▶ DIRECTIONS
Your output must consist of the records printed verbatim, with the pictures excluded.

▶ MATERIAL FOR THIS EXERCISE
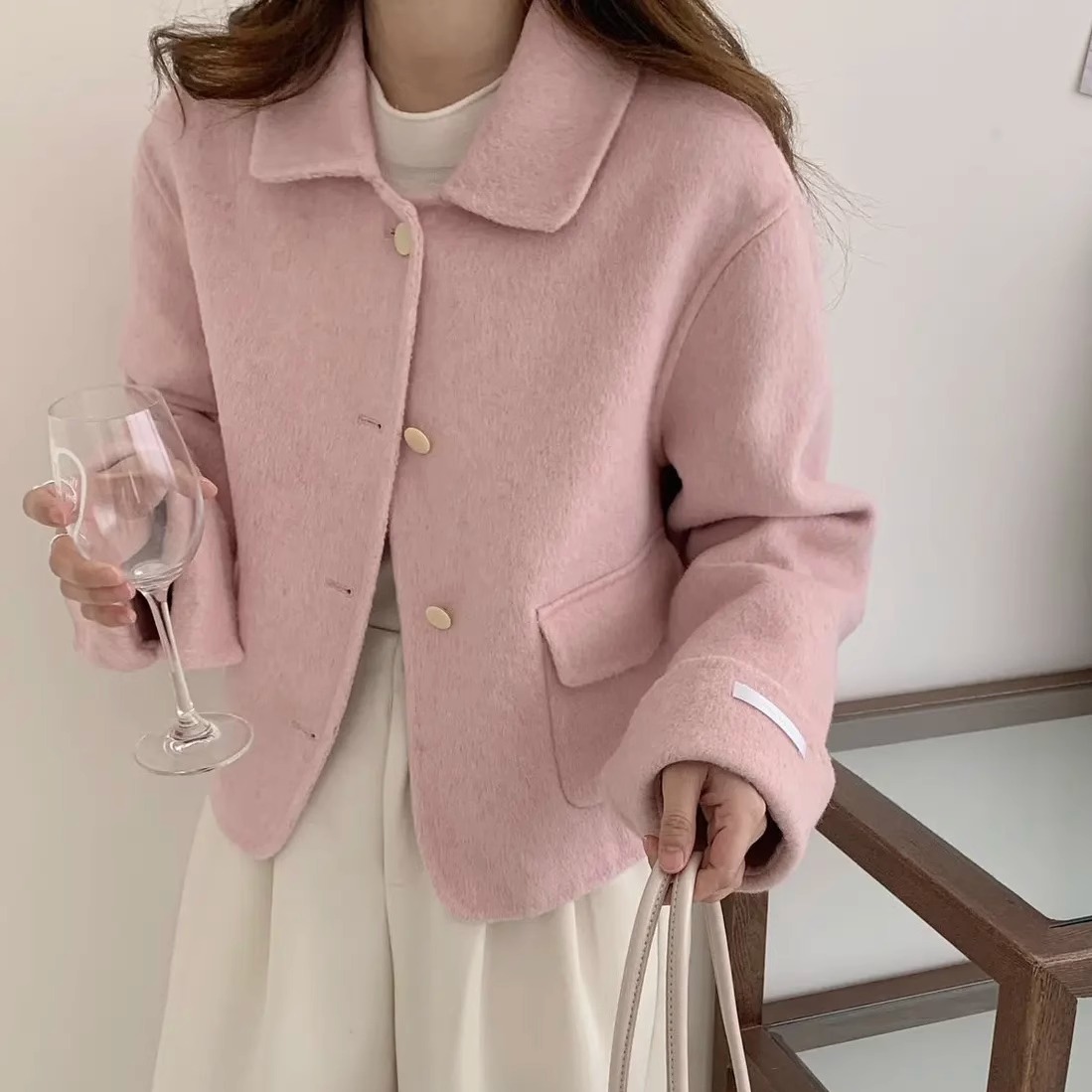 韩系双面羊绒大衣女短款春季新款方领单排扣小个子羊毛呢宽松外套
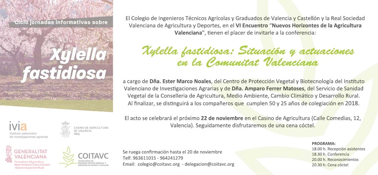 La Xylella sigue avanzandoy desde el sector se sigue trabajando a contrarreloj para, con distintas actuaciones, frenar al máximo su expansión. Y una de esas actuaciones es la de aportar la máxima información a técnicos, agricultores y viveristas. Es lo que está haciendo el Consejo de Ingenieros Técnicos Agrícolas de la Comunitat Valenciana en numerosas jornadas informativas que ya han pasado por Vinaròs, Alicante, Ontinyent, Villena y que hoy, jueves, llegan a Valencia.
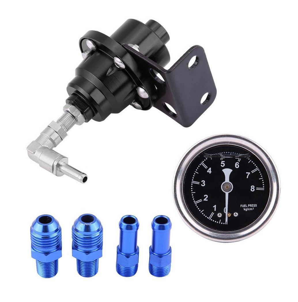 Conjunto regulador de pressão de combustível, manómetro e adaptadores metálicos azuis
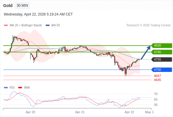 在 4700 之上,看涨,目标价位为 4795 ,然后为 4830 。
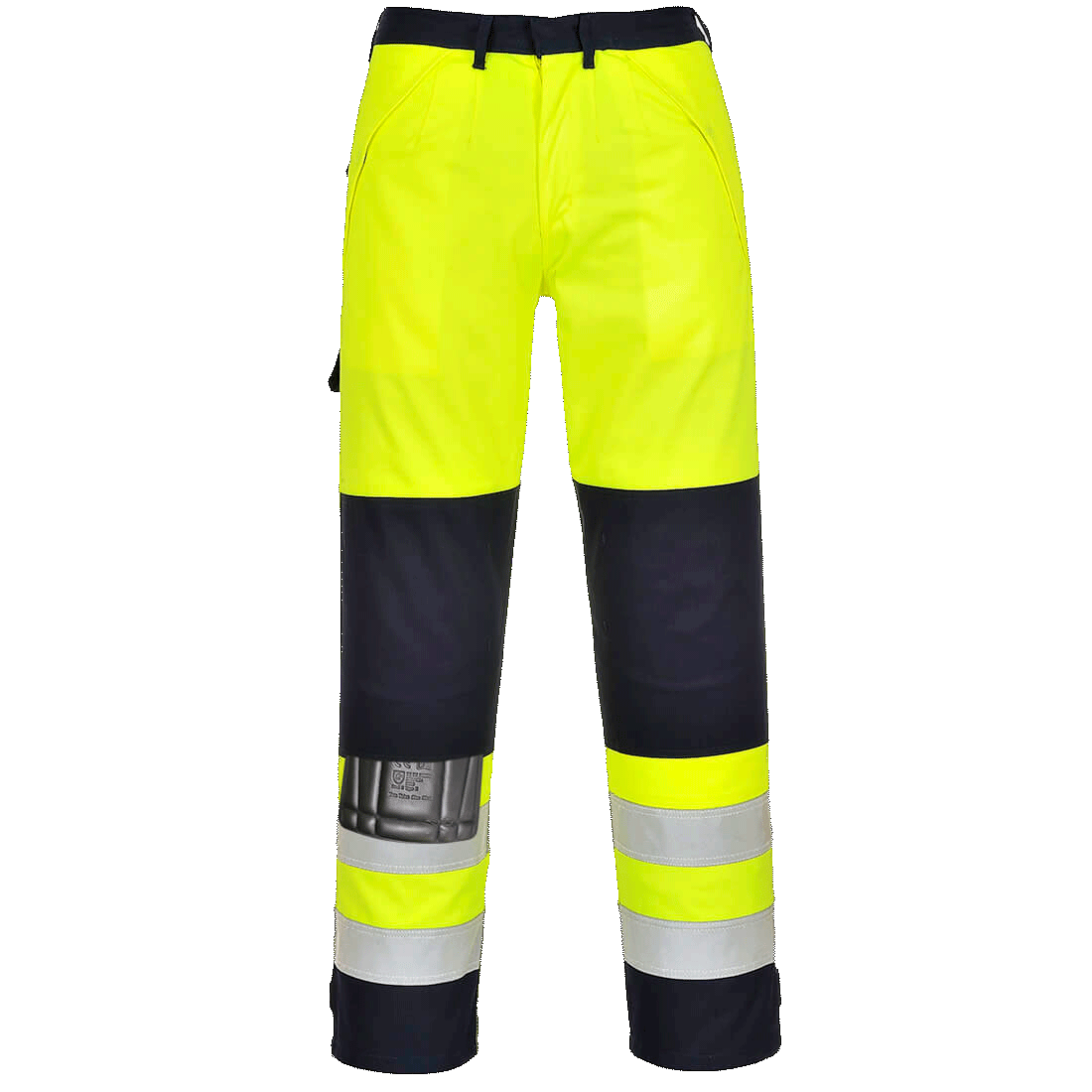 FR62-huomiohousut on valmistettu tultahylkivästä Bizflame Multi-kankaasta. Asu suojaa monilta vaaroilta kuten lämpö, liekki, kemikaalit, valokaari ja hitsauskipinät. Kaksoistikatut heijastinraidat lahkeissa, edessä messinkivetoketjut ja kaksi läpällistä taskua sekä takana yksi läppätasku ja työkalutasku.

▶ WRITTEN SOLUTION
 韩系双面羊绒大衣女短款春季新款方领单排扣小个子羊毛呢宽松外套
 La Xylella sigue avanzandoy desde el sector se sigue trabajando a contrarreloj para, con distintas actuaciones, frenar al máximo su expansión. Y una de esas actuaciones es la de aportar la máxima información a técnicos, agricultores y viveristas. Es lo que está haciendo el Consejo de Ingenieros Técnicos Agrícolas de la Comunitat Valenciana en numerosas jornadas informativas que ya han pasado por Vinaròs, Alicante, Ontinyent, Villena y que hoy, jueves, llegan a Valencia.
 Conjunto regulador de pressão de combustível, manómetro e adaptadores metálicos azuis
 在 4700 之上,看涨,目标价位为 4795 ,然后为 4830 。
 FR62-huomiohousut on valmistettu tultahylkivästä Bizflame Multi-kankaasta. Asu suojaa monilta vaaroilta kuten lämpö, liekki, kemikaalit, valokaari ja hitsauskipinät. Kaksoistikatut heijastinraidat lahkeissa, edessä messinkivetoketjut ja kaksi läpällistä taskua sekä takana yksi läppätasku ja työkalutasku.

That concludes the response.